Overall distribution of five functional group classification:

# distribution of 5 species classes
# create data frame for GRM 5 classes
dat_grm_c5 <- dat_grm %>% 
  tabyl(class5) %>%  
  filter(is.na(class5) == F) %>% 
  arrange(desc(class5)) %>%
  mutate(prop = n / sum(.$n)*100) %>%
  mutate(ypos = cumsum(prop) - 0.5*prop) %>%
  mutate(lbl = round(prop))

# create data frame for FRI 5 classes
dat_fri_c5 <- poly_fri %>% as.data.frame %>%
  tabyl(class5) %>%  
  filter(is.na(class5) == F) %>% 
  arrange(desc(class5)) %>%
  mutate(prop = n / sum(.$n)*100) %>%
  mutate(ypos = cumsum(prop) - 0.5*prop) %>%
  mutate(lbl = round(prop))

# plot
p1 <- ggplot(dat_grm_c5, aes(x = "", y = prop, fill = class5)) +
  geom_bar(width = 1, stat = "identity") +
  coord_polar("y", start = 0) +
  theme_void() +
  geom_text(aes(y = ypos, label = str_c(lbl, "%")), size = 15) +
  theme(legend.title = element_text(size = 30),
        legend.text = element_text(size = 20),
        legend.key.width = unit(2, 'cm'),
        plot.title = element_text(size=30)) +
  scale_fill_manual(values = c('#ccbb44', '#228833', '#4477aa',
                                        '#ee6677', '#aa3377')) +
  labs(fill = "") +
  ggtitle("Imputed Five Functional \nGroup Classification (GRM)")

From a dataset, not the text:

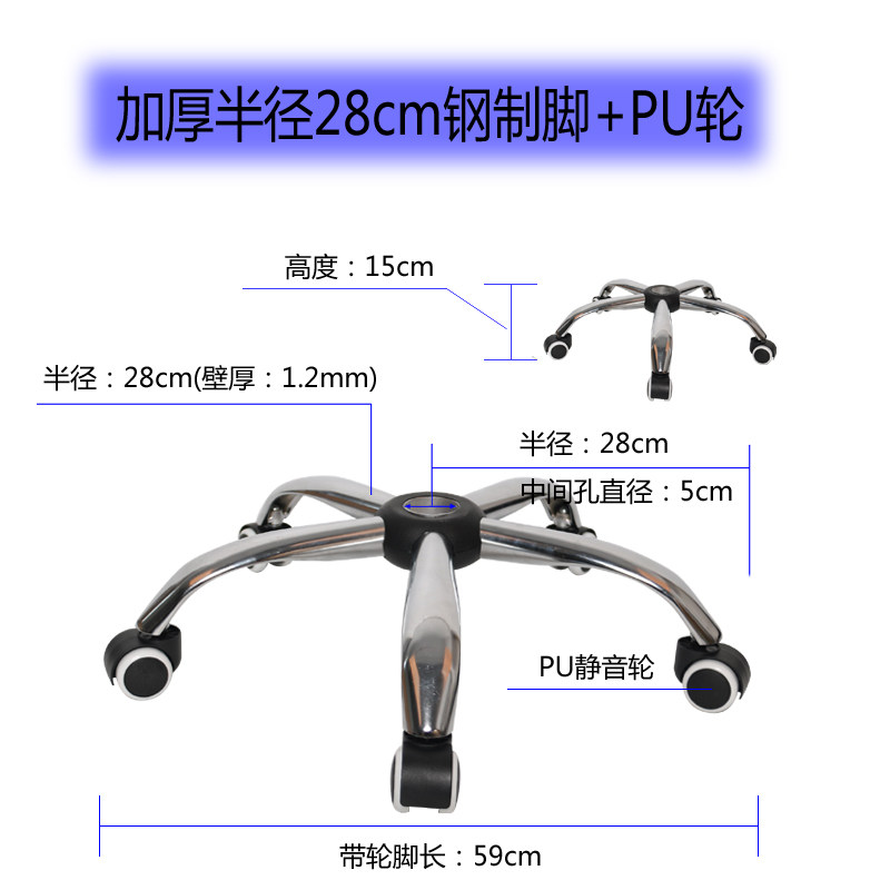 新款 转椅配件加厚椅子脚底盘电镀五星脚架电脑椅底座钢制耐用 包邮

p2 <- ggplot(dat_fri_c5, aes(x = "", y = prop, fill = class5)) +
  geom_bar(width = 1, stat = "identity") +
  coord_polar("y", start = 0) +
  theme_void() +
  geom_text(aes(y = ypos, label = str_c(lbl, "%")), size = 15) +
  theme(legend.title = element_text(size = 30),
        legend.text = element_text(size = 20),
        legend.key.width = unit(2, 'cm'),
        plot.title = element_text(size=30)) +
  scale_fill_manual(values = c('#ccbb44', '#228833', '#4477aa',
                                        '#ee6677', '#aa3377')) +
  labs(fill = "") +
  ggtitle("Five Functional Group \nClassification (FRI)")

grid.arrange(p1, p2, ncol = 2)

The distributions are again very similar. The RMF five species classification does not apply to the FSF in general, due to the negligible amounts of black spruce and jack pine.